Her death, which is also on video, did not make it onto CNN, MSNBC or even Fox. Only the local channels. Does her black life not matter? Her killing—how she was killed, where she was killed, by whom she was killed—was not and has not been discussed within the context of the contemporary mattering movement. Last report I got, McCurty's family was still trying to raise the money to bury her.

Why has there not been collective outrage about Shaneku McCurty?

I suspect it is because she was not assaulted by the boys in blue. Otherwise, the world would know how her life was taken in cold blood and how she died on the floor of the very convenience store she had walked out of minutes before. Perhaps, even, her family wouldn't have to struggle to lay her to rest. But for some reason, we don't discuss or deal with intracommunity violence in the same context of mattering as we do when someone outside the community—like an officer—strips us of our dignity.   
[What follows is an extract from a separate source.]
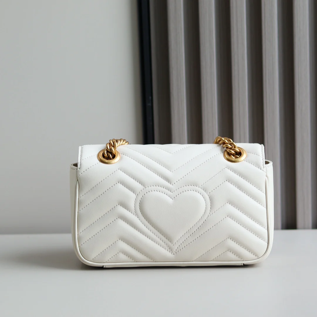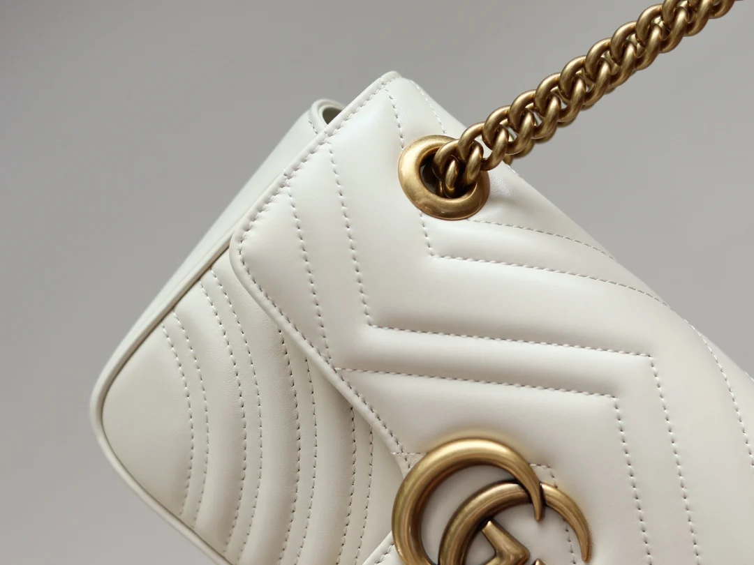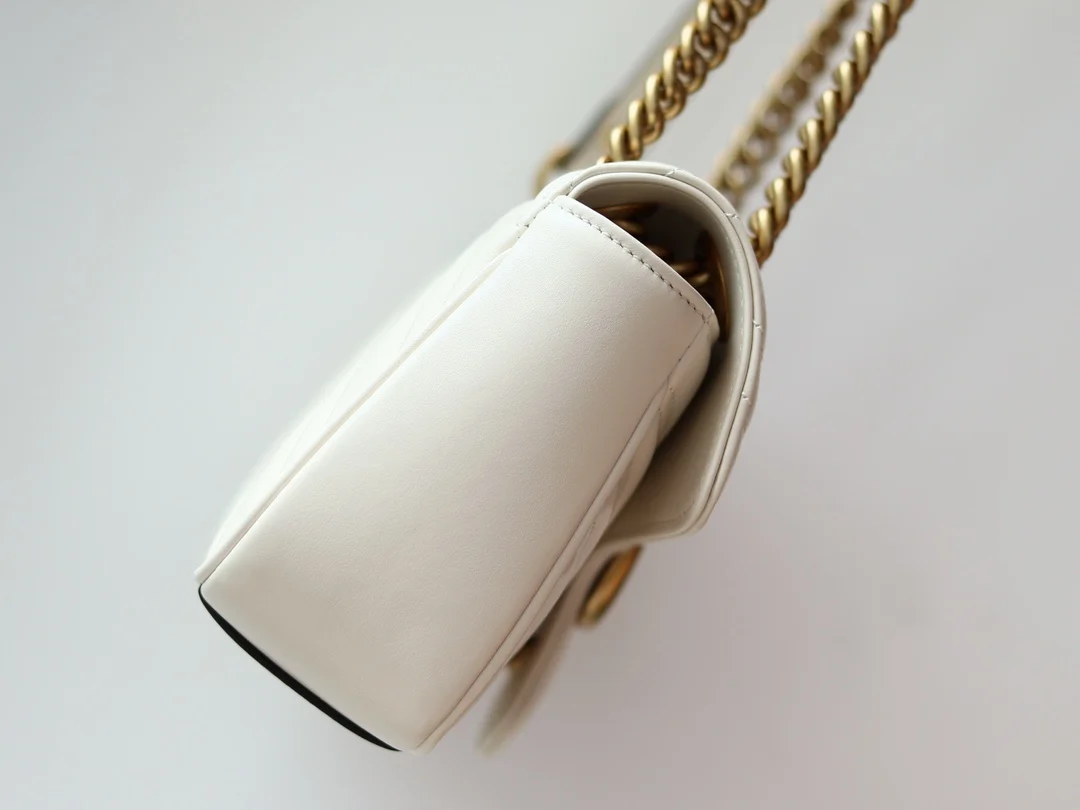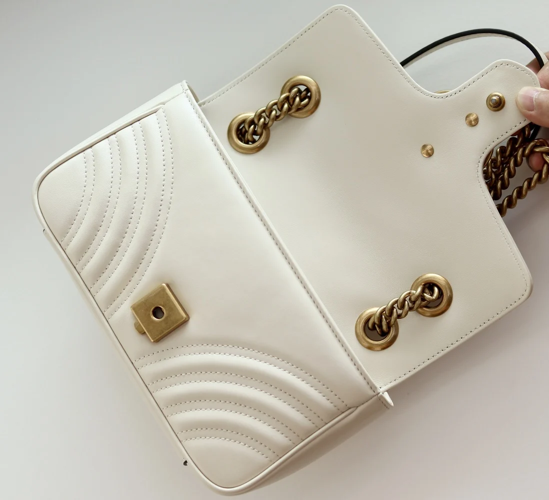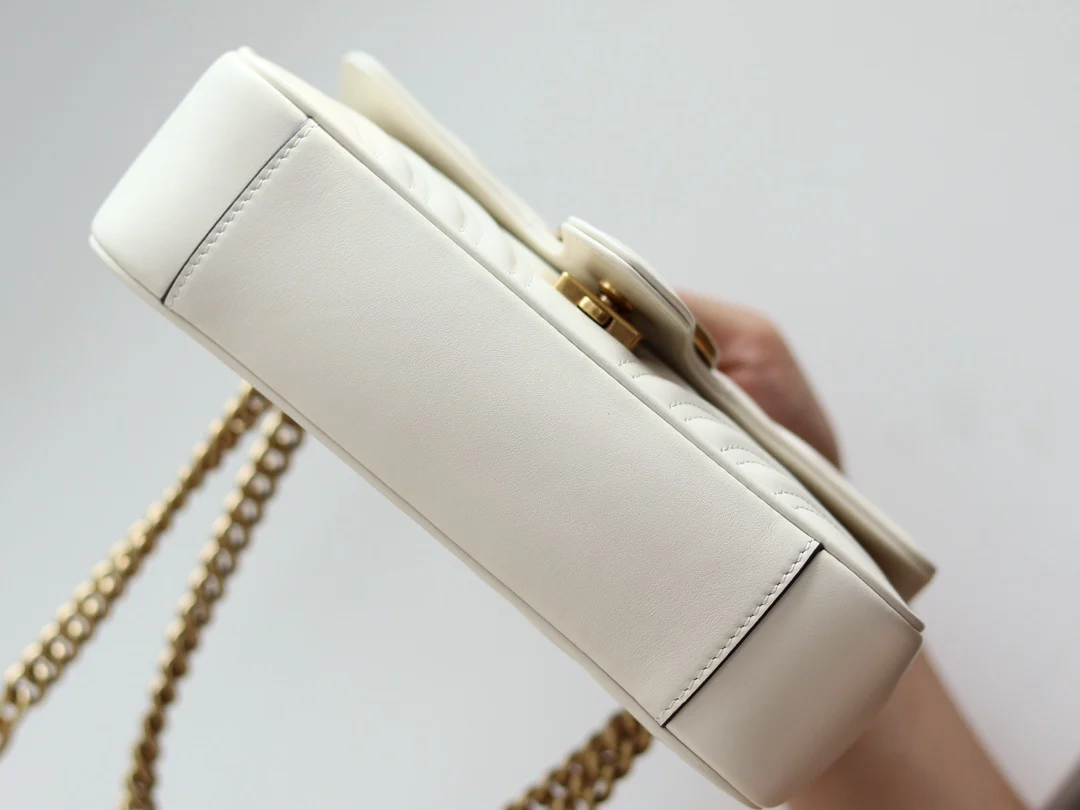 (Original Leather) Newly upgraded GG Marmont wave pattern chain bag, imported calfskin with an extremely soft feel, imported high-end scarlet antique bronze hardware. Textured and substantial. Style number: 446744 off-white, size: 23 14 6 original quality, completely authentic.

I understand that the Black Lives Matter movement began as a contemporary response to the long history of contention between the police and the African-American community. However, within the context of the Black Lives Matter movement, is there room for people like me who want to address the senseless violence within my community? Is it not time to extend its concepts and methods beyond the interaction with law enforcement to an activist space focusing on the ways in which we interact with each other?

Currently, there's the conversation about police brutality and criminalization of black people, and then there's a separate one on internal brutalities. But police violence and community violence are inextricably linked. Often, where you see concentrated intracommunity violence, you will more than likely find police violence. Quite honestly, I'm exhausted with separate conversations about mattering when the reality is that blue-on-black violence and black-on-black violence have intersecting consequences: dead or imprisoned black people. 


Let me be clear: I'm not trying to sound like Bill O'Reilly. So miss me with the "She sounds like a conservative" nonsense. I raise these questions because I can't help wondering how much stronger my community would be if we operated from a common, collective, self-determining vision for enjoying the fruits of our labor, for educating our youth for posterity and for solving our own challenges. 

I'm sure it's possible to focus on one aspect of violence and criminalization, but the stakes are too high for African Americans to continue fragmenting issues when one issue can adversely influence another. 


A self-determining community's relationship with itself must be strong and superlative to its relationship with external institutions. To continue separating the outcomes is to engage in the very system of Western world "either-or" thinking that's under criticism. For example, black lives matter in the face of police brutality, but black-on-black brutality is a separate issue. They are not when black bodies are heinously assaulted and/or killed. Why is the "how" the benchmark for mattering? Why can't we take a "both-and" approach?

One way to start is to continue calling out the bad boys in blue over social media. The ones who hide their racist ways and fear of brown and black bodies behind the badge must be accountable. But we must also acknowledge those who hold in high esteem the oath they took to serve the communities they are paid to protect. It took less than 24 hours for DeKalb County police, working with the local community, to find the three young men responsible for McCurty's death. They did not allow her age, race or gender to interrupt the resources poured into finding her killers. 


Unfortunately, McCurty is dead. And these teens have died a spiritual death as they prepare to add to a prison registry dominated by African-American men. 

Let's not let the death of McCurty be an isolated incident distinct from police violence such as this latest example at Spring Valley High. They are both "mattering" moments in need of focused prevention, healing and collective vision. The BLM movement is like the root of the rhizome. Perhaps now is the time to add another stem. Or should we just give up the illusion that we are a community and continue to fulfill the stereotypical perceptions created for us?